For 6 pounds of annual interest you can get 100 pounds for use, if only you are known as an intelligent and honest person. Whoever is wasting 4 pence per day, he is spending 6 pounds a year fruitlessly, and this is a payment for the right to use 100 pounds. Anyone who spends a portion of his time at a cost of 4 pence - even if it will be just a few minutes - loses the total amount of days the opportunity to use 100 pounds during the year.

Whoever wastes the time worth 5 shillings fruitlessly loses 5 shillings and could just as well throw them into the sea. The one who lost 5 shillings lost not only this amount, but also all the profit that could be gained if you invested this money in the business — that by the time the young man was old, it could have turned into a significant amount .



It is this phrase and it is this text that Max Weber presents in his book “The Protestant Ethic and the Spirit of Capitalism” as a symbol of the spirit of capitalism . It is in these words that the driving force that turned the Middle Ages into a New Time is enclosed, it was they who ultimately created the industrial and post-industrial world in which we live.

Weber connects the emergence of such beliefs with the spread of Protestantism in Europe: Protestantism (especially Calvinism) proclaims the person to be nothing but God's instrument, and success in business is evidence of one’s own chosenness. Hence the logical necessity and the need to work tirelessly .

True, over time, religious motivation has weakened considerably, and in the 21st century, other mechanisms are already working, pushing for tireless work (see consumerism). The problem is that for the stability of the capitalist structure it is necessary for the Franklin principles to be accepted by the majority of the population. There is a famous economic paradox (I don’t remember who the author is), something like this: let a worker work 10 hours a day and collect 5 buckets of apples, getting 200 rubles for each; if you increase his payment to 250 rubles, then, instead of picking up even more apples, he will collect less: 4 buckets a day, get the same thousand, but for 8 hours of work, and spend free time with his family and relax ; I mean, raising wages in conditions of non-Franklin motivation is meaningless, and indeed many market mechanisms do not work.

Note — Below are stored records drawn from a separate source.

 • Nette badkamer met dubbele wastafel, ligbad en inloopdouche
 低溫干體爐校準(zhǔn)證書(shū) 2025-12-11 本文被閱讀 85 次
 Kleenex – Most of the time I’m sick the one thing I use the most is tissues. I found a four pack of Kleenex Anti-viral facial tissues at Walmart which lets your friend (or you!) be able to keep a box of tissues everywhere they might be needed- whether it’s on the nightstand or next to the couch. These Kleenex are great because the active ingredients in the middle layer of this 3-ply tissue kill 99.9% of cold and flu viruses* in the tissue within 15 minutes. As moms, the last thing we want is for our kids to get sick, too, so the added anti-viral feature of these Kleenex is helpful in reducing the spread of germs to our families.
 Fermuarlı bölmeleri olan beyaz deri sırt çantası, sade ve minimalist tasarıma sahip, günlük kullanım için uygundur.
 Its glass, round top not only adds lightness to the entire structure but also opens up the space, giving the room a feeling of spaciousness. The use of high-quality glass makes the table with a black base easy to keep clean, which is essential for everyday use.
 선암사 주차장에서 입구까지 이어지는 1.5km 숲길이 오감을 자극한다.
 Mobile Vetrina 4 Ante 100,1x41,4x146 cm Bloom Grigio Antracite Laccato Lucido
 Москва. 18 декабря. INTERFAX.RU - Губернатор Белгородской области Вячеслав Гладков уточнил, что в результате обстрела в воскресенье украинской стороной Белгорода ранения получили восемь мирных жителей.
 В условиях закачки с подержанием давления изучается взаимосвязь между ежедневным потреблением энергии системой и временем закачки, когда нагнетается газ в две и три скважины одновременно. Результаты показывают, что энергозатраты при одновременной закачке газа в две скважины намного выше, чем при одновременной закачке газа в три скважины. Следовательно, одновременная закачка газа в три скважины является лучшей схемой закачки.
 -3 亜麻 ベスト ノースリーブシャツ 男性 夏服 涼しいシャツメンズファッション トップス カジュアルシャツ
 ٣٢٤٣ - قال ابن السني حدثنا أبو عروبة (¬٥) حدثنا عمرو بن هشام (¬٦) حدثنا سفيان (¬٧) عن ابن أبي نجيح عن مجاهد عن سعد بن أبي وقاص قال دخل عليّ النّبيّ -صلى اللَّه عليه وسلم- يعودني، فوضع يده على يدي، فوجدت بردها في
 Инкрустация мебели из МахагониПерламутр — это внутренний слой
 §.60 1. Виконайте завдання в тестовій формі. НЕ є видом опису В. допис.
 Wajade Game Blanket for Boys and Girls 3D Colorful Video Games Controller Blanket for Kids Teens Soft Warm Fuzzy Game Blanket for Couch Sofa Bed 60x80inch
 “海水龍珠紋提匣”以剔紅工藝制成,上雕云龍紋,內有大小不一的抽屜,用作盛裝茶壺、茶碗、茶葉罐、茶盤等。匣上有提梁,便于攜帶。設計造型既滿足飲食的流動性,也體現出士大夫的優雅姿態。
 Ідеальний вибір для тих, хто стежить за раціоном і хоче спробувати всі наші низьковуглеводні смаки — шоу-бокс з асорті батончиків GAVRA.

Therefore, my dear friends, decide for yourself how you prefer - to believe in free competition, the market and the associated liberal values ​​and take every minute spent in idleness, a loss - or assume that money is not the main motivator and appreciate your little comforts and comfort is above them, thereby rejecting the basic principles of building a Western society and not resenting that everything is not like that of people.